*PROBLEM TO SOLVE:* When the line containing "湯智鈞(射箭男子團體銀牌)、" appears in the data below, begin copying there and stop only after the line containing "ずっとハワイアンジュエリーに".

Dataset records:
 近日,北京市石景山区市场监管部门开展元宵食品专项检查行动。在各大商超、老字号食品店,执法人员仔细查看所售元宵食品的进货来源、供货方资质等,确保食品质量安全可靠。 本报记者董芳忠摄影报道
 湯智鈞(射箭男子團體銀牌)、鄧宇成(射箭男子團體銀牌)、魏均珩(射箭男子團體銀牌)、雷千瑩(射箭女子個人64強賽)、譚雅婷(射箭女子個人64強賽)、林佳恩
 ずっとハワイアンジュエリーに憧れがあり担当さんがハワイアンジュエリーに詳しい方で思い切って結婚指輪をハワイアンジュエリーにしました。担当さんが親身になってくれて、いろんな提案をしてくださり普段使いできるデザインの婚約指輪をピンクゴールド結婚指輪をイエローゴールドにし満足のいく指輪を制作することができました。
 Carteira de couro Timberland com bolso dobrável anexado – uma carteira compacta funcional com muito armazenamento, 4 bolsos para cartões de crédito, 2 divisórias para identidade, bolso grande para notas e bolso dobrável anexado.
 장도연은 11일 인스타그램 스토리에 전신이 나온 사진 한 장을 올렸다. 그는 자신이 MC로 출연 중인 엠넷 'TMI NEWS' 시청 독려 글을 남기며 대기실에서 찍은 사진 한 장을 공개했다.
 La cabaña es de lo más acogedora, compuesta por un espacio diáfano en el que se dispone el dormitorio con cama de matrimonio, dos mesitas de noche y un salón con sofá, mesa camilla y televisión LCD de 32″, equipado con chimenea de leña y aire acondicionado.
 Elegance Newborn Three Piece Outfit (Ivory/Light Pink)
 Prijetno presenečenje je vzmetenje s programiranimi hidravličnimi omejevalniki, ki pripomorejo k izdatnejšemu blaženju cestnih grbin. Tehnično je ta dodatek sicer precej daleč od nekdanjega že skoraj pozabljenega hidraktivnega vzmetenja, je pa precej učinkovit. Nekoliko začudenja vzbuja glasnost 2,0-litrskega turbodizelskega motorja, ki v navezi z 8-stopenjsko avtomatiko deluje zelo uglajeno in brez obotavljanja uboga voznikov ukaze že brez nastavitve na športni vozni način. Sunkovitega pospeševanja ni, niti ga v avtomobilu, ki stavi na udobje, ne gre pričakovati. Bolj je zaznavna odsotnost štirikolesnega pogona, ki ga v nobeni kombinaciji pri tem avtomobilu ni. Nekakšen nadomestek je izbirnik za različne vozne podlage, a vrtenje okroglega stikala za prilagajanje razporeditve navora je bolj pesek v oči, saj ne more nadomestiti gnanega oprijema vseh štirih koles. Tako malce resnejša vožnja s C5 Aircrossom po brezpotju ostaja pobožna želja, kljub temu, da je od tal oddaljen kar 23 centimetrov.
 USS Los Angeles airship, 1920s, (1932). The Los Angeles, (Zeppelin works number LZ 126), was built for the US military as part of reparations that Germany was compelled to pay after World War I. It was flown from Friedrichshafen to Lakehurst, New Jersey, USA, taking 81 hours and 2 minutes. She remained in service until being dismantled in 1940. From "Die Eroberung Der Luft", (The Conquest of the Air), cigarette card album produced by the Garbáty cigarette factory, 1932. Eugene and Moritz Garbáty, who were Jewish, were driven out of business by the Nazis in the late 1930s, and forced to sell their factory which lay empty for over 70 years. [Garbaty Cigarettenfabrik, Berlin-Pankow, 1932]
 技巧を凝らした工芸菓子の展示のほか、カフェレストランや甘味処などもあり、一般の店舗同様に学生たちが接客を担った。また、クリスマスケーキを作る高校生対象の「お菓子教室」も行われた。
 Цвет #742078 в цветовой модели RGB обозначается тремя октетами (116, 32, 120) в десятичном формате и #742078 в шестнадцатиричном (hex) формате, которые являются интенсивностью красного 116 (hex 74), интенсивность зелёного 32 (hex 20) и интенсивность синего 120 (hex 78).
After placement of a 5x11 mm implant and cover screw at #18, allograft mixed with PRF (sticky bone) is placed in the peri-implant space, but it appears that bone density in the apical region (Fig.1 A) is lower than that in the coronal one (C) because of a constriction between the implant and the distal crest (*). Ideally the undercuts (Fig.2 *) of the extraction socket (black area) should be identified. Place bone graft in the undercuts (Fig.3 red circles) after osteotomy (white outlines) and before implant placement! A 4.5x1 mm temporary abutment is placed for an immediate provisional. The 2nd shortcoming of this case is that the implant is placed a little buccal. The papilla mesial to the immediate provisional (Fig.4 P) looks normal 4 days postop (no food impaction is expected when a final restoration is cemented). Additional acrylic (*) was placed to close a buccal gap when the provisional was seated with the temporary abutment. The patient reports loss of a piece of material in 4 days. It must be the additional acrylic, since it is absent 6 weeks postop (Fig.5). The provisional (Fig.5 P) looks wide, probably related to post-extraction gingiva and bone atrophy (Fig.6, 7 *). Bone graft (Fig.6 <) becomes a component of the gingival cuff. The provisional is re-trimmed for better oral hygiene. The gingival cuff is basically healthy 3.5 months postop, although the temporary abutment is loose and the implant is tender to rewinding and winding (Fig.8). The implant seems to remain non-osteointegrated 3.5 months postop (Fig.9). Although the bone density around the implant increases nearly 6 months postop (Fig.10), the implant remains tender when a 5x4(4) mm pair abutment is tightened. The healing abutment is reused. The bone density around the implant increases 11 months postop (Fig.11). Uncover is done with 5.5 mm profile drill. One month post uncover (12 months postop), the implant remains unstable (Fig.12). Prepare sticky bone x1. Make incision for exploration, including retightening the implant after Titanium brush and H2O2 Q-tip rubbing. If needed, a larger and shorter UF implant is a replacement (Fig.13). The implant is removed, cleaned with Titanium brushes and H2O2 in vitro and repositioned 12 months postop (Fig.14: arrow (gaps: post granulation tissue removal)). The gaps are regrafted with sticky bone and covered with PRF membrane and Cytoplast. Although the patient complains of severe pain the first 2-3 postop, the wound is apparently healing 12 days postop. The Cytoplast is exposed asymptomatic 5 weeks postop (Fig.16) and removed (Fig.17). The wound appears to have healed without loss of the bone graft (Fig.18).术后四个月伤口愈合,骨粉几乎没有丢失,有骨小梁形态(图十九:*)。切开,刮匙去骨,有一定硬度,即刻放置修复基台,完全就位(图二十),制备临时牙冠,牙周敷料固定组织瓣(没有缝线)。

*RESULT BELOW:*
 湯智鈞(射箭男子團體銀牌)、鄧宇成(射箭男子團體銀牌)、魏均珩(射箭男子團體銀牌)、雷千瑩(射箭女子個人64強賽)、譚雅婷(射箭女子個人64強賽)、林佳恩
 ずっとハワイアンジュエリーに憧れがあり担当さんがハワイアンジュエリーに詳しい方で思い切って結婚指輪をハワイアンジュエリーにしました。担当さんが親身になってくれて、いろんな提案をしてくださり普段使いできるデザインの婚約指輪をピンクゴールド結婚指輪をイエローゴールドにし満足のいく指輪を制作することができました。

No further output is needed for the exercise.